Experiment 2 focused on determining whether the well plate guide and coverslip holders assisted, hindered, or had no effect on proper dispensing and aspirating of liquids.  The control results were much better than the results using the guide, even for sighted researchers.  Modifications to the guide, such as changing the angle of the aspirating hole, may assist with this issue since blind and sighted researchers were equally effective if errors were ignored. Errors can be alleviated by more practice and possible verification techniques that liquid was aspirated.

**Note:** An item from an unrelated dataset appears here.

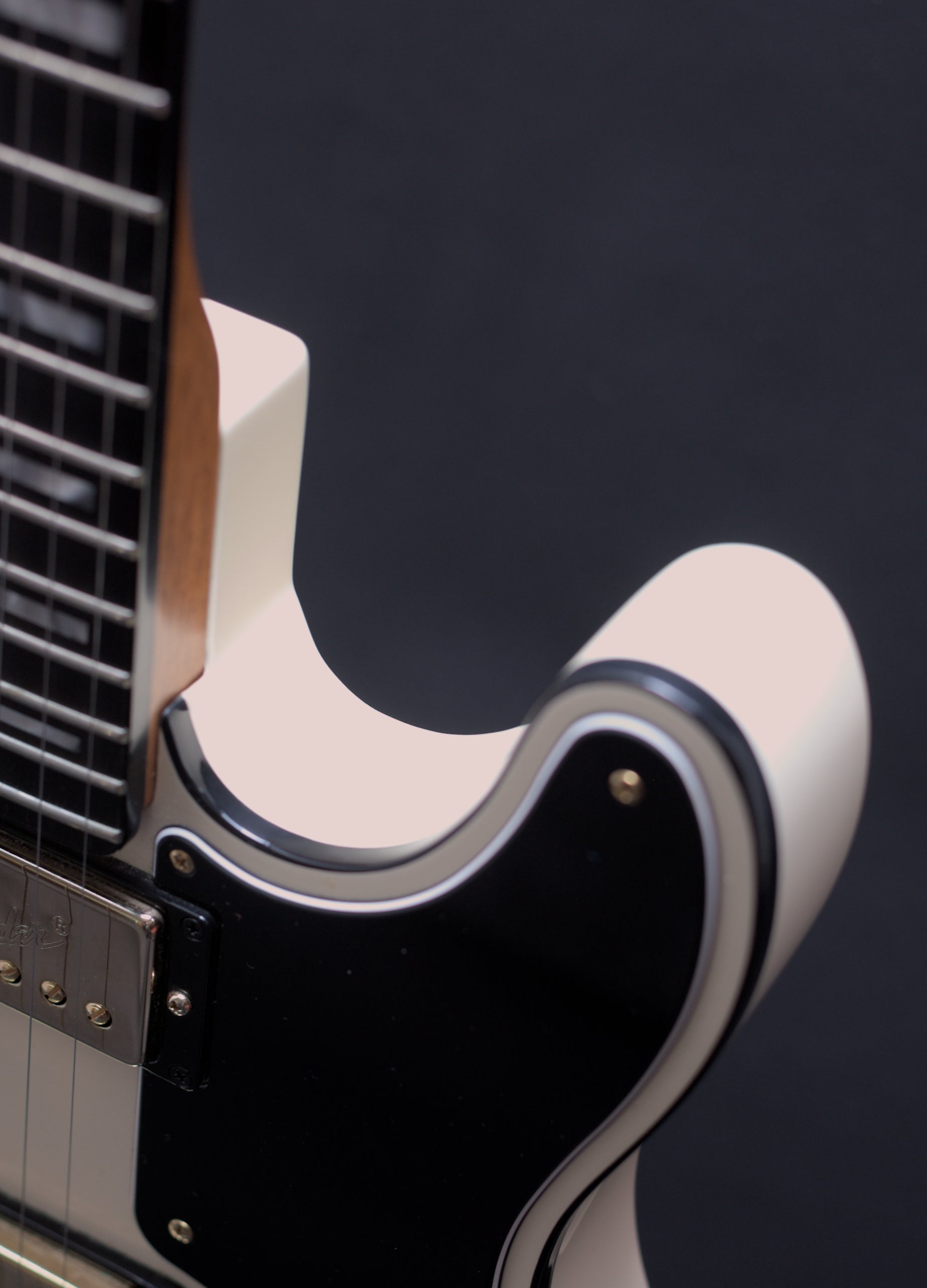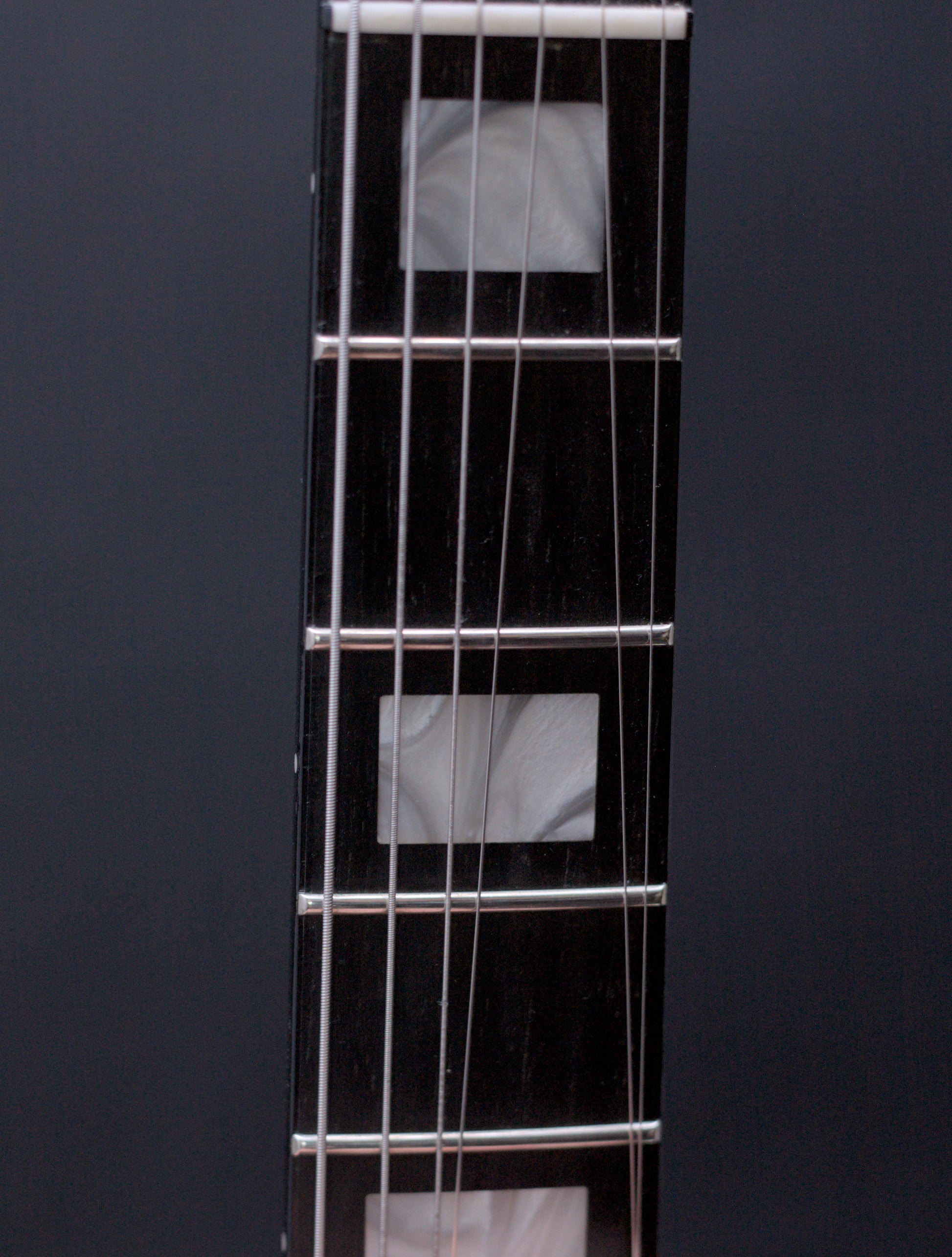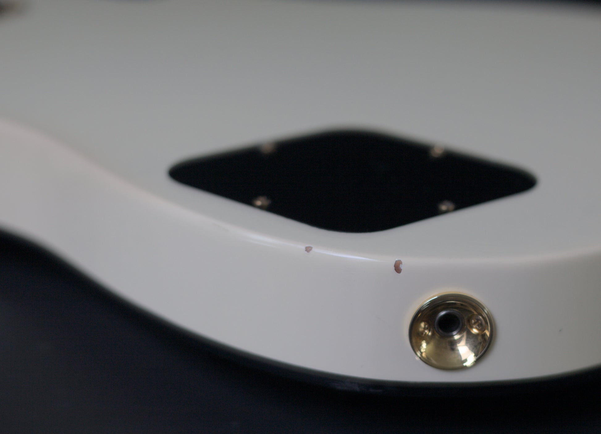 It is in very good condition throughout with no breaks, cracks or repairs. It has seen little use, and does not show much in the way of play wear at all. There are 2 dings to the reverse edge, near the input jack, and a light scratch and further less noticeable ding to the reverse of the body. It is otherwise in excellent condition. The gold hardware looks great with no real signs of aging. The frets show little sign of use.

Although the tools developed need improvement in micropipetting accuracy and sterile test performance, they were useful in allowing blind researchers for the first time to insert coverslips and add and remove liquids independently.  A few simple adjustments should make the tools practical for a blind researcher to use in a cell culturing procedure. For example, the well plate guide can be adjusted for better tactile guidance of the pipette. The coverslip holders can be made with a more suitable material to prevent contamination.  These are all straightforward changes that can be easily made when using a 3-D printer. 

CONCLUSIONS

We believe better lab technique, which comes with practice would yield much better results and is likely a more important factor than modifying the design of the adaptive aids at this point.  This study shows that inexpensive, yet precise tools developed through 3-D printing along with a clear understanding of the lab technique can enable BLV researchers to perform a cell culturing protocol independently and with confidence.